Дзашин одним молниеносным движением спрятал кикимору за свою спину, поднял с пола катану, но тут же брезгливо ее отбросил. Священное оружие после нашествия черных теней было насквозь проржавевшим. Толку от него не было никакого.
— Прочь! — прошипела Идзанами. — Вы отправитесь вниз! Туда, где вечно страдают души!
И, подчиняясь ее приказу, черные тени зашумели вокруг них, толкая вниз, подняли ветер.
Кикимора покосилась на бездну, из которой доносились вопли. Туда ей вообще не хотелось.

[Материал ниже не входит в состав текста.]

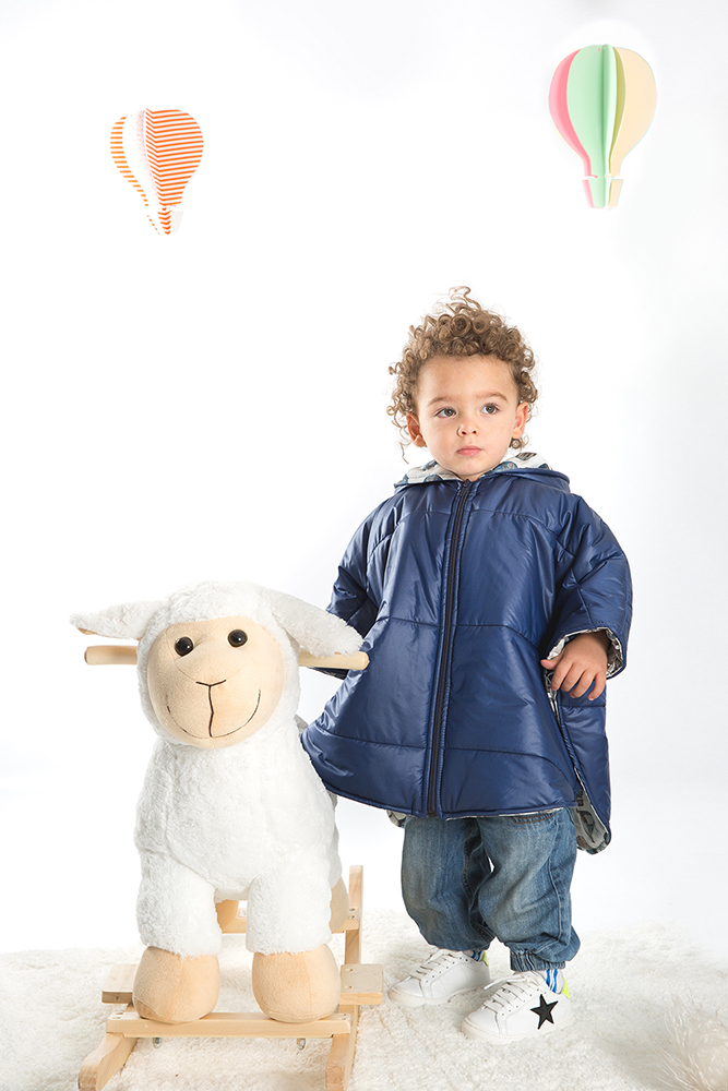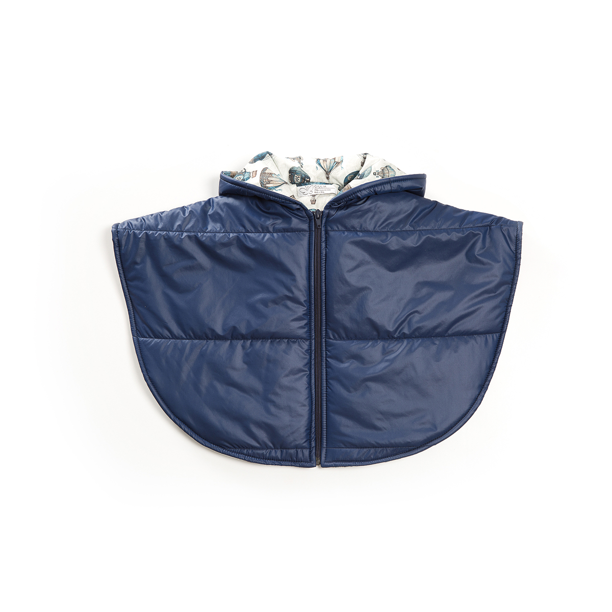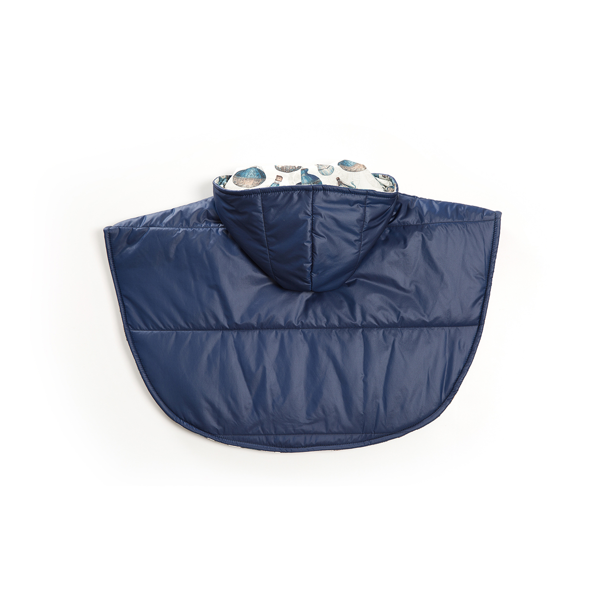 Mantellina in caldo piumino pesante con cappuccio non staccabile.

Дзашин приготовился защищать ее, и кикимора ласково оглядела его с ног до головы. Стройный, почти худой, но плечи сильные, расправленные, голова высоко поднята, длинные черные волосы, выпавшие из хвоста, с размаху бьют его по острой скуле, по щеке, и черные пряди будто перерезают его красивое лицо надвое.
Стоит он. Уверенный такой, сильный, собранный. Готовый защищать ее и разделивший с ней ее судьбу.
От нежного чувства защемило в груди. И кикимора сделала шаг вперед, взяла его за руку.
— Идзанами никогда не простит тебе того, что ты сделал, — шепнула она.
Он кивнул, внимательно глядя на разъярившуюся богиню.
— Она хотела бы, чтобы бог Идзанаги пошел за ней, но он ее бросил. Она не простит нам, — еще раз повторила кикимора.
— Тогда ничего другого больше не остается, — виновато сказал он. Обнял свою невозможную кикимору, снова прикоснулся губами к ее губам и шагнул вместе с ней в разверзшуюся бездну.
Каукегэн, помешкав с полсекунды, нырнул за ними следом. Тут хоть и кормят вкусно, а Мари-онна все ж таки хозяйка. А с ней не пропадешь, это Тотошка уже давно усвоил.